=Paper= {{Paper |id=None |storemode=property |title=A Guided Walk into Link Key Candidate Extraction with Relational Concept Analysis |pdfUrl=https://ceur-ws.org/Vol-2576/paper01.pdf |volume=Vol-2576 |authors=Manuel Atencia,Jerome David,Jerome Euzenat,Amedeo Napoli,Jerome Vizzini |dblpUrl=https://dblp.org/rec/conf/semweb/AtenciaDENV19 }} ==A Guided Walk into Link Key Candidate Extraction with Relational Concept Analysis== https://ceur-ws.org/Vol-2576/paper01.pdf
                               A guided walk into
                         link key candidate extraction
                        with relational concept analysis

Manuel Atencia, Jérôme David, Jérôme Euzenat, Amedeo Napoli, and Jérémy
                                 Vizzini

 Univ. Grenoble Alpes, Inria, CNRS, Grenoble INP, LIG, F-38000 Grenoble, France
                          Firstname.Lastname@inria.fr



         Abstract. Data interlinking is an important task for linked data inter-
         operability. One of the possible techniques for finding links is the use of
         link keys which generalise relational keys to pairs of RDF models. We
         show how link key candidates may be directly extracted from RDF data
         sets by encoding the extraction problem in relational concept analysis.
         This method deals with non functional properties and circular dependent
         link key expressions. As such, it generalises those presented for non de-
         pendent link keys and link keys over the relational model. The proposed
         method is able to return link key candidates involving several classes at
         once.


   In this extended abstract, we describe the content of [2] by avoiding technical
descriptions related to the domain. Interested readers are referred to the original
paper for more details.

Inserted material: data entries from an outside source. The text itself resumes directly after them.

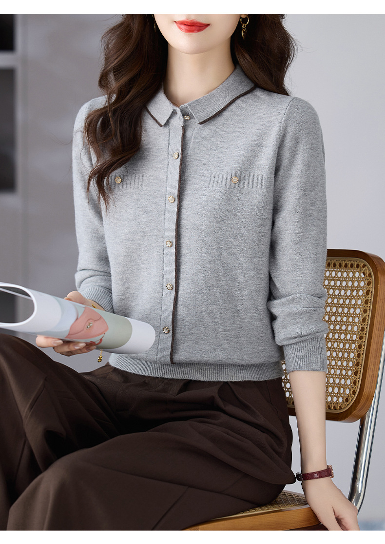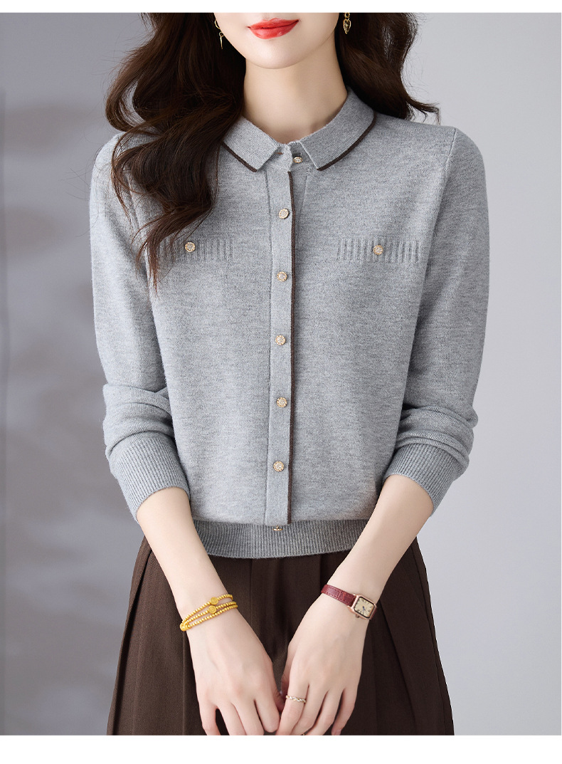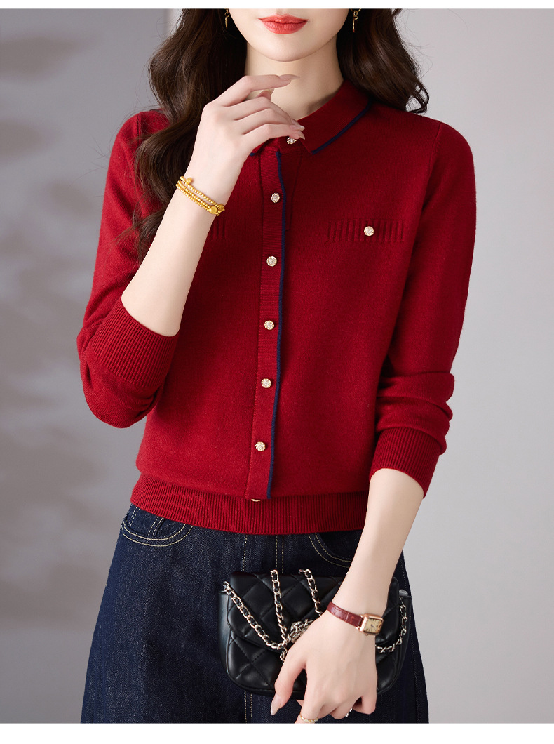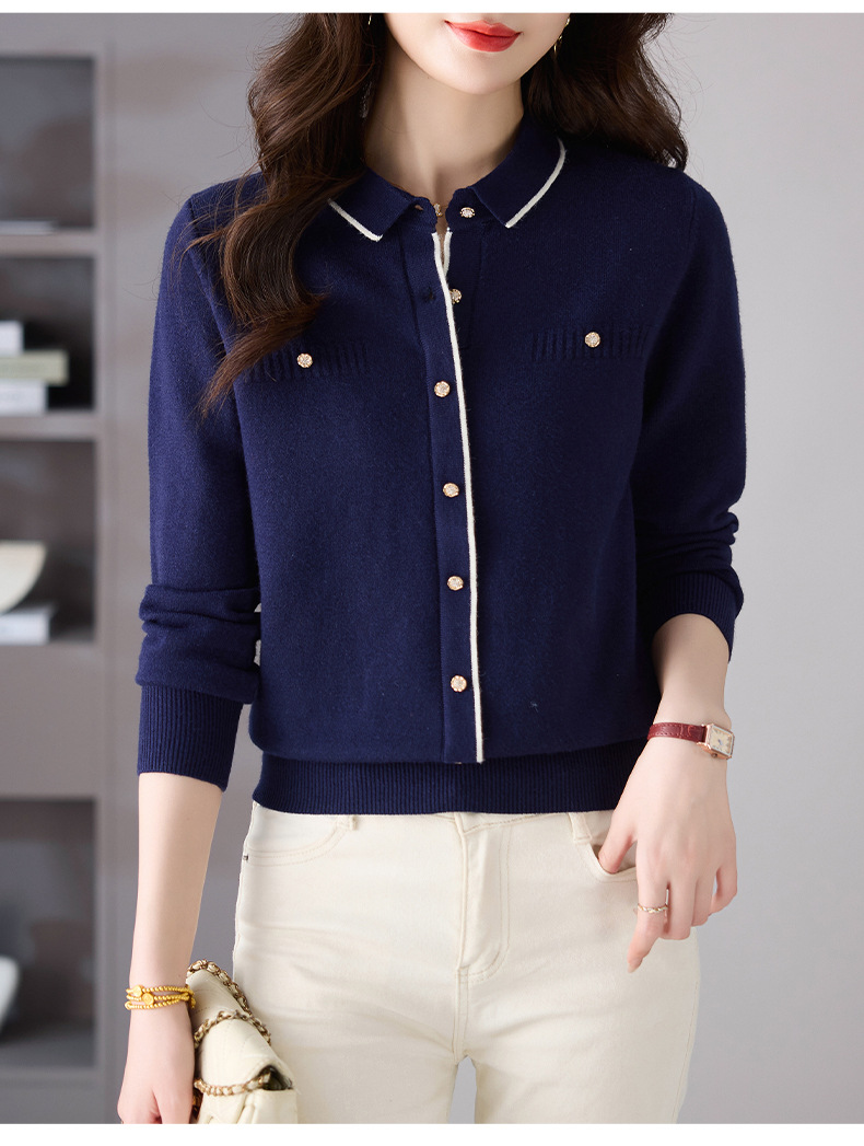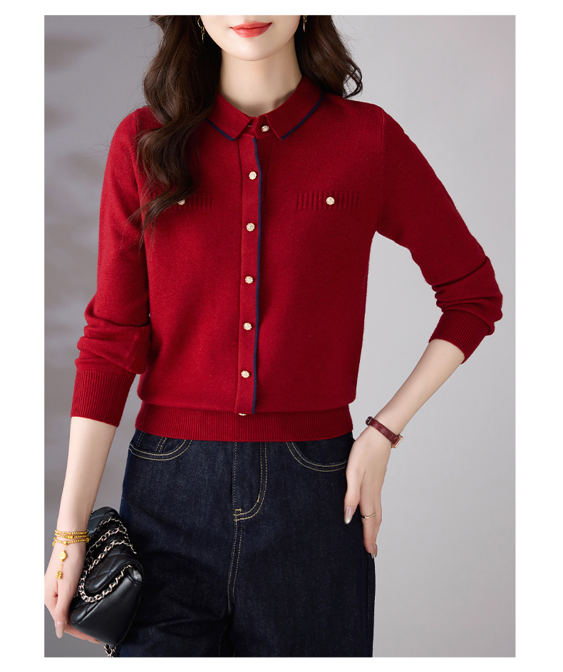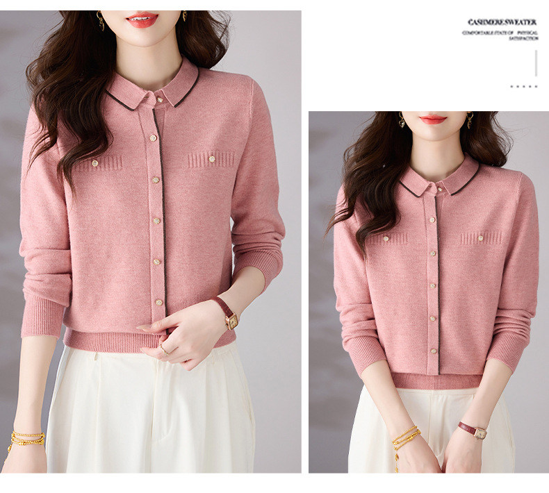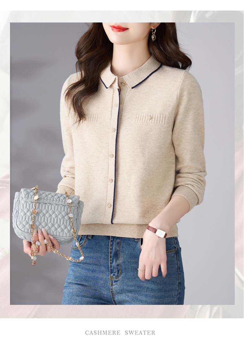 CC翻领长袖上衣秋装女款2025年新款polo针织衫洋气漂亮毛衣打底小衫
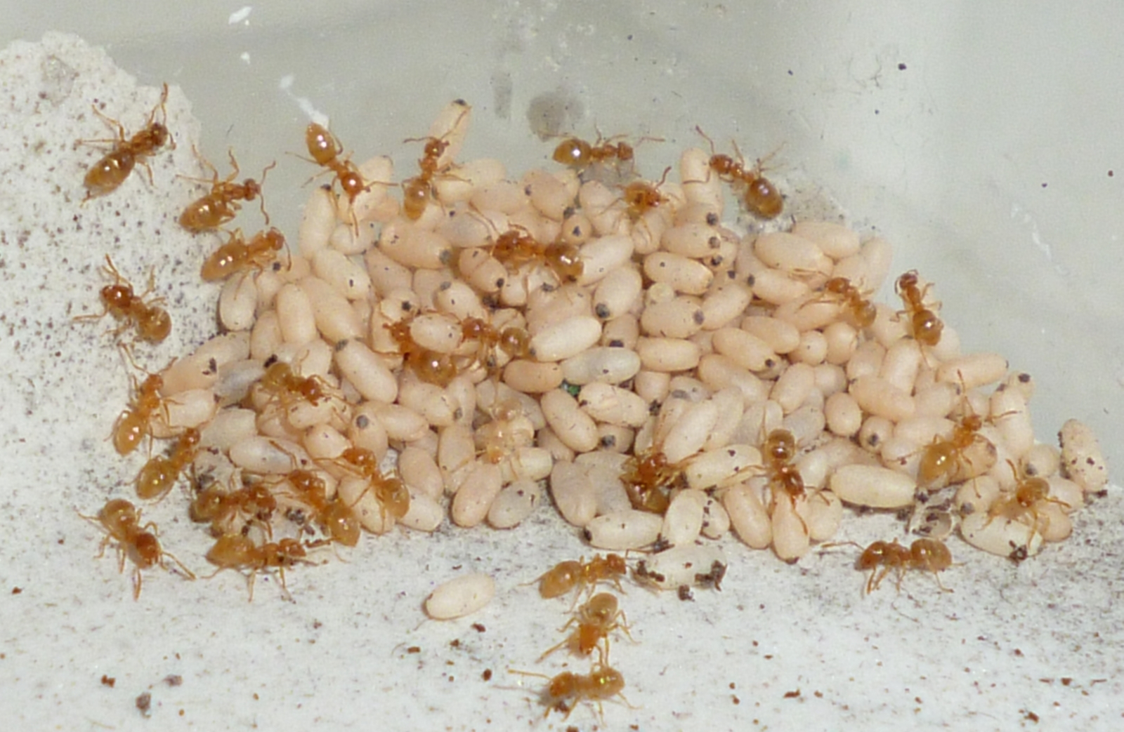 Die Kolonie besteht nach wie vor aus zwei Königinnen und inziwschen 40+ Arbeiterinnen. Es ist viel Brut in allen Stadien vorhanden. Innerhalb des RGs haben sie sich nah am Wassertank aus der Muttererde eine kunstvolle Konstruktion aus mehreren Ebenen gebaut. Die Einsicht ist zwar dadurch etwas beeintrĂ€chtigt, aber die Ameisen scheinen sich so sehr wohl zu fĂŒhlen. Meine momentane Kamera ermöglicht derzeit leider keine scharfen Aufnahmen des Nistbereichs.
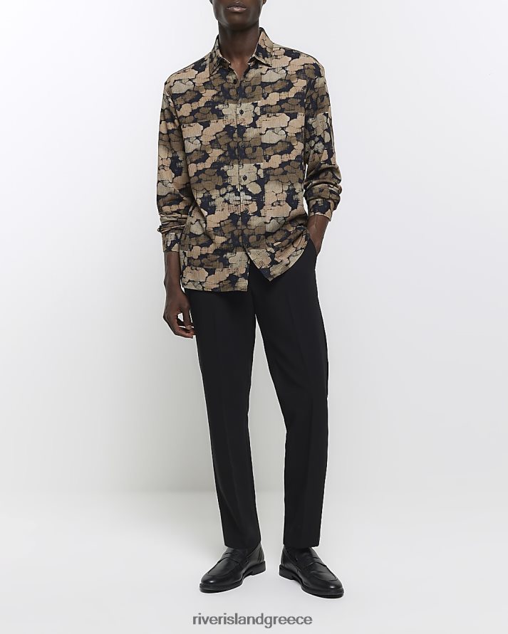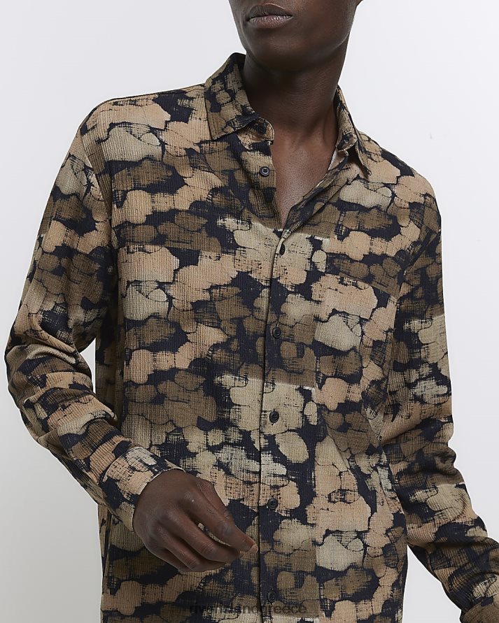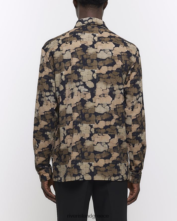 River Island ενδύματα καφέ άνδρες κανονική εφαρμογή ανάγλυφη βοτσαλωτό πουκάμισο B6N8X5567
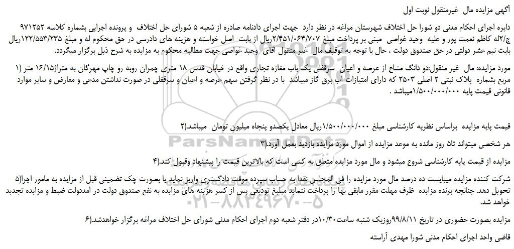 1) مورد مزایده: مال غیر منقول:دو دانگ مشاع از عرصه و اعیان سرقفلی یک باب مغازه تجاری واقع در خیابان قدس 18 متری چمران روبه رو چاپ مهرگان به متراژ16/15 متر مربع بشماره پلاک ثبتی 2 اصلی 2503 که دارای امتیازات آب برق گاز میباشد با در نظر گرفتن سهم عرصه و اعیان و سرقفلی در صورت نداشتن مدعی و معارض و سایر موارد قانونی قیمت پایه 1/500/000/000میباشد .
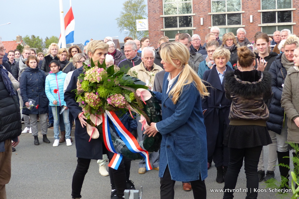 Er werden kransen gelegd namens het gemeentebestuur van Dantumadiel door burgemeester Sicko Heldoorn, zijn partner en leerlingen van de Wingerd. Namens de bevolking van Dantumadiel door Johannes Haakma en Nel Vastbinder van Mei Inoar ien en leerlingen van de Wingerd. Namens adoptieschool De Fontein door Ale –Jan Wijma en Siebren Boltjes en leerlingen van de Fontein. Namens Dorpsbelang Feanwâlden door Annelien Stavorinus en Elske Betten. Namens de oud militairen in Dantumadiel door de heer Andries Bijlstra, zijn pakesizzers Andries Rozema, Gerda Rozema- Bijlstra en Tineke Rozema-Bijlstra.
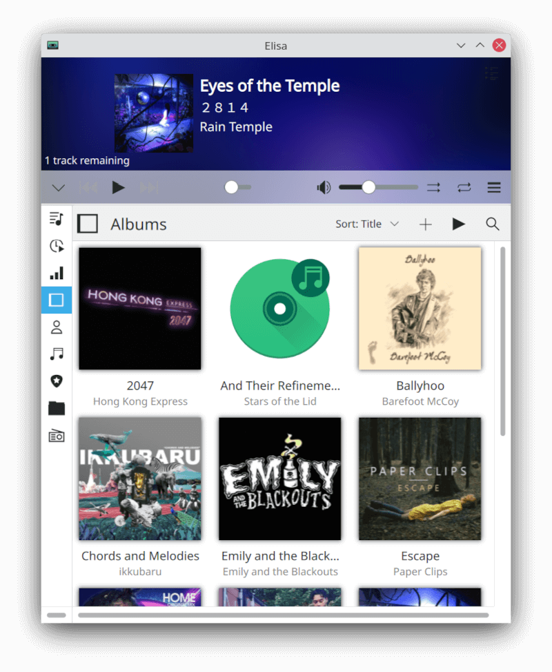 Elisa is a music player developed by the KDE community that strives to be simple and nice to use. We also recognize that we need a flexible product to account for the different workflows and use-cases of our users. We focus on a very good integration with the Plasma desktop of the KDE community without compromising support for other platforms (other Linux desktop environments, Windows, and Android).

To facilitate the compared reading, we explicitly refer to
the original definitions and properties.


1     Interlinking RDF data sets

Interlinking RDF data sets is an important operation for linked (open) data on
which research is currently very active.


1.1     RDF data sets and linked data

Linked data aims at publishing data expressed in RDF (Resource Description
Framework) at the scale of the worldwide web [6,12]. In this paper we consider
RDF data sets as sets of triples. We simply identify properties as the IRIs in
predicate position in one of these triples and classes as the IRIs found in the
codomain of the rdf:type predicates. This is the only schema information that
is used. These data sets are not required to share vocabulary elements beside
the RDF (for rdf:type) and OWL (for owl:sameAs) vocabularies.
    Heterogeneous data sets interoperate through links which identify individuals
across them. An important added value of linked data arises from the links

Copyright © 2019 for this paper by its authors. Use permitted under Creative Commons License Attribution 4.0 International (CC BY 4.0).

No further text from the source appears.